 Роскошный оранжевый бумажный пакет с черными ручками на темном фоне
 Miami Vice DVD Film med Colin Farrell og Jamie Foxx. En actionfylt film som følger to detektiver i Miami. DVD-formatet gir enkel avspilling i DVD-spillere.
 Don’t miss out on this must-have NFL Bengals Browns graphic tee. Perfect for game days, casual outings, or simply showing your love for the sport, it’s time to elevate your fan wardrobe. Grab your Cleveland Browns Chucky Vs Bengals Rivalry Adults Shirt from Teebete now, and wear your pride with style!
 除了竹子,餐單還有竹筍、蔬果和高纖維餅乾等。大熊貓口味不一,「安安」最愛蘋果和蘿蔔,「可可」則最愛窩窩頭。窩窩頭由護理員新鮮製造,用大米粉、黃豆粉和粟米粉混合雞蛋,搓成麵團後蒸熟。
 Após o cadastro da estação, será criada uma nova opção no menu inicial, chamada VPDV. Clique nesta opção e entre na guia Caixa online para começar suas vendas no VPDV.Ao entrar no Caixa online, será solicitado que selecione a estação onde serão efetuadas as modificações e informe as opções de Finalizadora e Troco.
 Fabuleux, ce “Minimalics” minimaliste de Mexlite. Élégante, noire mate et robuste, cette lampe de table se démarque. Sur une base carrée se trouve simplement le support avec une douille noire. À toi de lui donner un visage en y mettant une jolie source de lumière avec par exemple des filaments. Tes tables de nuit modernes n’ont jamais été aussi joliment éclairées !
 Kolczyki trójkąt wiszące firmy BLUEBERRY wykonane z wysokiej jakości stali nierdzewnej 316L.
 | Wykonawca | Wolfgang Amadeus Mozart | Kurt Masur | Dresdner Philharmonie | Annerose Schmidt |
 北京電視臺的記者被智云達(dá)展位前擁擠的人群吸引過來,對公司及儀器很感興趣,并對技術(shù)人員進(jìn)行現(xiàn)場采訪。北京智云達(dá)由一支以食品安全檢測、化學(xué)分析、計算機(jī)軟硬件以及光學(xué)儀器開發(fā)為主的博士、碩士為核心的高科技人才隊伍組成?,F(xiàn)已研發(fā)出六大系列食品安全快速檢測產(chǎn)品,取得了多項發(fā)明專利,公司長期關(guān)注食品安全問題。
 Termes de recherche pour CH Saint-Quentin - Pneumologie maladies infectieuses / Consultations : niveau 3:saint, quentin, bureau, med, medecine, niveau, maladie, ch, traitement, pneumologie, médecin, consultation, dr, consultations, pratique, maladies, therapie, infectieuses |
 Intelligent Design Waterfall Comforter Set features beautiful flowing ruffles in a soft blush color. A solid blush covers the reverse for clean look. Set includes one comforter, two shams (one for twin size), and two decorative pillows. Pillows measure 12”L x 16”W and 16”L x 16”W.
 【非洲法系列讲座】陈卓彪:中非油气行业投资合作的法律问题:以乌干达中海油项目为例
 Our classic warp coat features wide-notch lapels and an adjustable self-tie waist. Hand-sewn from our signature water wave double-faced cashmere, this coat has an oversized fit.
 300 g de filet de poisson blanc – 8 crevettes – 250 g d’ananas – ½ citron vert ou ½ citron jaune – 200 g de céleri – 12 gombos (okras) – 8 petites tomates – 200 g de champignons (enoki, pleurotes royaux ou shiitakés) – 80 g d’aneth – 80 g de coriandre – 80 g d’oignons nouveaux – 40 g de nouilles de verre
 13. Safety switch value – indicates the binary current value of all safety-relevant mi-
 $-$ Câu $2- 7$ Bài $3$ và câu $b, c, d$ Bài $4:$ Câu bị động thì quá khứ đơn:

■ ■ ■ ■ ■ ■ ■

**AIM OF THE EXERCISE:** Up to and including the line with "Miami Vice DVD", print every line of the records from the start.

**WRITTEN RESPONSE:**
 Роскошный оранжевый бумажный пакет с черными ручками на темном фоне
 Miami Vice DVD Film med Colin Farrell og Jamie Foxx. En actionfylt film som følger to detektiver i Miami. DVD-formatet gir enkel avspilling i DVD-spillere.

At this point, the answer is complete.